Vanguard Group, BlackRock Inc, and Fidelity Investments all pledged their support to the regulations adopted today that aims to ensure the safety of the$2.6 trillion industry. The new rules included forcing funds who are regular buyers of corporate debt and have institutional investors to discontinue setting share prices at $1 and giving board members the authority to lay down redemption restrictions and fees in times of crisis.

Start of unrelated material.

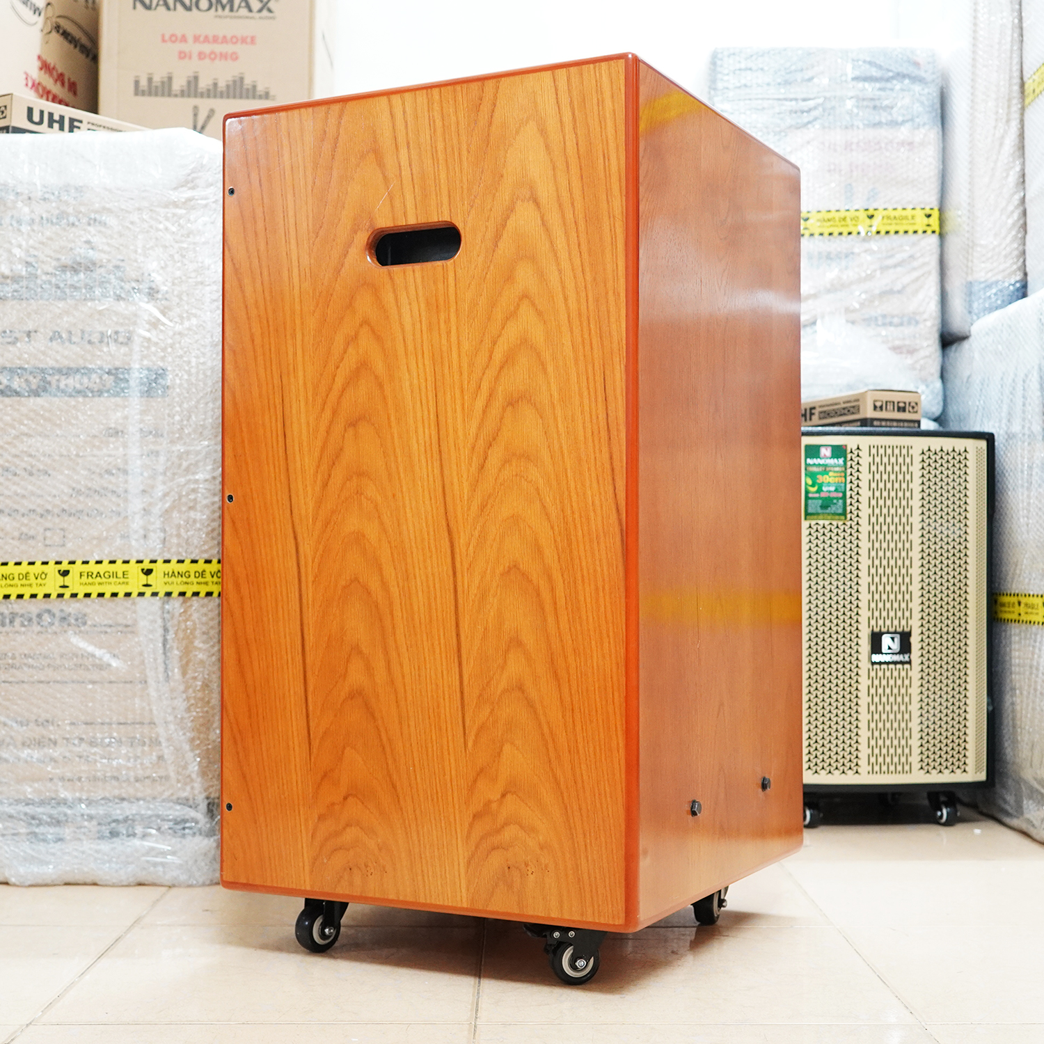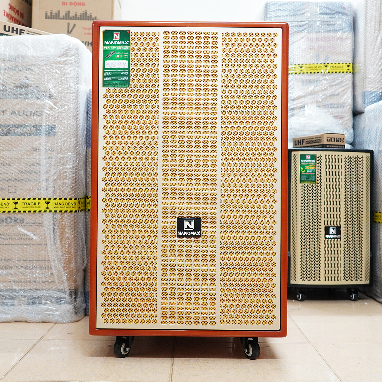 Loa kéo Nanomax SK-18G8 là dòng loa karaoke công nghệ tiên tiến nhất 2022 có Bass 5 tấc 50cm, công suất 1200w, sở hữu 3 đường tiếng với chiều cao lên đến 89cm. Nanomax SK-18G8 thực sự là mẫu loa kẹo kéo đẳng cấp, đốn hạ tất cả đối thủ, sở hữu những công nghệ thực sự vượt trội và ưu việt mà bất kì người chơi nào cũng mơ ước. THÔNG SỐ KỸ THUẬT LOA KẸO KÉO NANOMAX SK-18G8 : • Loại: Karaoke di động • Số đường tiếng: 03• Công suất: 1200W• Thời gian sạc: 7 tiếng• Thời gian dùng: 4-7 tiếng• Loa Bass: 50cm• Loa Mid: 16cm• Loa Treble: Treble còi• Kết nối không dây: Bluetooth 5.0• Micro: Không dây band tần UHF• Tiện ích: Cổng USB, thẻ nhớ, mic có dây 6.5 x2; Jack guitar 6.5, Audio In/Output 3.5• Kích thước/ Trọng lượng: (50.5 x 53 x 89)cm / 46kg• Chất liệu thùng: Gỗ sơn gai chống trầy • Sản xuất tại: Việt Nam• Thương hiệu: Nanomax• Sử dụng nguồn: AC 220V hoặc Ắc qui 12V/20A• Phụ kiện: 1 dây sạc, 2 micro, 4 pin và 1 hướng dẫn ĐIỂM NỔI BẬT CỦA LOA KARAOKE NANOMAX SK-18G8 : Nanomax SK-18G8 là con loa kéo Bass 50cm (5 tấc) duy nhất sở hữu tính năng Reverb cho mic giúp tạo hiệu ứng giọng hát hay, cho giọng hát nhẹ nhàng mượt mà thanh thoát hơn. Trên thị trường gần như không có dòng loa karaoke 5 tấc nào sử dụng tính năng này, nếu có thì cũng không nhất định nổi bật. Loa karaoke Nanomax SK-18G8 sử dụng công nghệ Class D HIỆU SUẤT CAO cho âm thanh luôn ổn định dù ở công suất lớn. Đa số các loại loa kéo khi mở lớn sẽ bị bể tiếng, nhưng SK-18G8 đã giải quyết gọn gàng vấn đề đó, giúp bạn giữ lâu cuộc vui. Micro của Nanomax SK-18G8 hát siêu nhẹ siêu khỏe, cùng khả năng chống hú siêu hạng dù ở khoảng cách rất gần loa. Nam Hoàng Audio đã test rất nhiều lần, thậm chí để độ nhạy mic 06 gần tối đa và ngồi ngay cạnh loa nhưng không bị hú. Các dòng loa kéo công suất lớn có nhược điểm là lượng tiêu thụ điện lớn nên thời gian sử dụng pin ngắn, nhưng nay Nanomax SK-18G8 đã giải quyết được vấn đề đó. Ở mức âm lượng trung đến cao, bạn có thể duy trì thời gian sử dụng lên tới 7 tiếng, giúp kéo dài cuộc vui. Cuối cùng, loa kẹo kéo Nanomax SK-18G8 có ngoại hình hầm hố 51x53x89cm thực sự rất lớn ngang con loa 6 tấc, loa Bass đập khỏe mạnh, khi cần có thể chỉnh thành chất âm ấm; loa Treble vang xa, kết hợp loa Mid tạo ra âm thanh có chất lượng vượt trội, đi rất xa, nên chỉ những không gian rộng thoáng mới đủ để em nó thể hiện bản lĩnh của mình. ️CHẾ ĐỘ BẢO HÀNH• 1 đổi 1 lỗi sản xuất• Loa Bass và mạch 12 tháng; mic và ắc quy 6 tháng ️GIỜ LÀM VIỆC️ Tất cả ngày từ 7h30 đến 21h (trừ lễ).️ Follow shop để được áp mã giảm giá khách hàng thân thiết. ️ CAM KẾT CỦA NAM HOÀNG AUDIO• Sản phẩm chính hãng Nanomax • Luôn test kỹ trước khi đóng gói và vận chuyển• Tư vấn / Hướng dẫn suốt quá trình dùng ️ LƯU Ý NHẬN HÀNG ️ Các đơn hàng không hỗ trợ đồng kiểm, sau khi nhận hàng vui lòng quay video lúc mở để đối chiếu và xử lý một cách tốt nhất. #nanomax #loakaraoke #loakeo #loakeokeo #loakeobass50cm #loakeocongsuatlon #loakaraokedidong #loakeodidongGiá sản phẩm trên Tiki đã bao gồm thuế theo luật hiện hành. Bên cạnh đó, tuỳ vào loại sản phẩm, hình thức và địa chỉ giao hàng mà có thể phát sinh thêm chi phí khác như phí vận chuyển, phụ phí hàng cồng kềnh, thuế nhập khẩu (đối với đơn hàng giao từ nước ngoài có giá trị trên 1 triệu đồng).....

Fidelity’s head of fixed income investing Nancy Prior says that “Our initial reaction is that the SEC has struck a reasonable balance,” referring to the heated debate on safety that has surrounded the industry in the past. Vanguard echoed the sentiment saying that regulation accomplishes the task of preserving the value of the fund market to individual investors. BlackRock was in agreement and said that money market funds will remain as a valuable strategy for cash investment.

Federated Investors, however, continued to criticize the SEC claiming that the setting of floating share prices would bring “Significantly and costly daily operational burdens on money-fund users, limiting the utility of such funds as a cash management tool.”

The issue surrounding money market funds started in 2008 when the Reserve Primary Fund became the second fund to lose money. Its collapse caused a run for other money funds that froze credit markets around the world and forced the Treasury Department to backstop US money funds.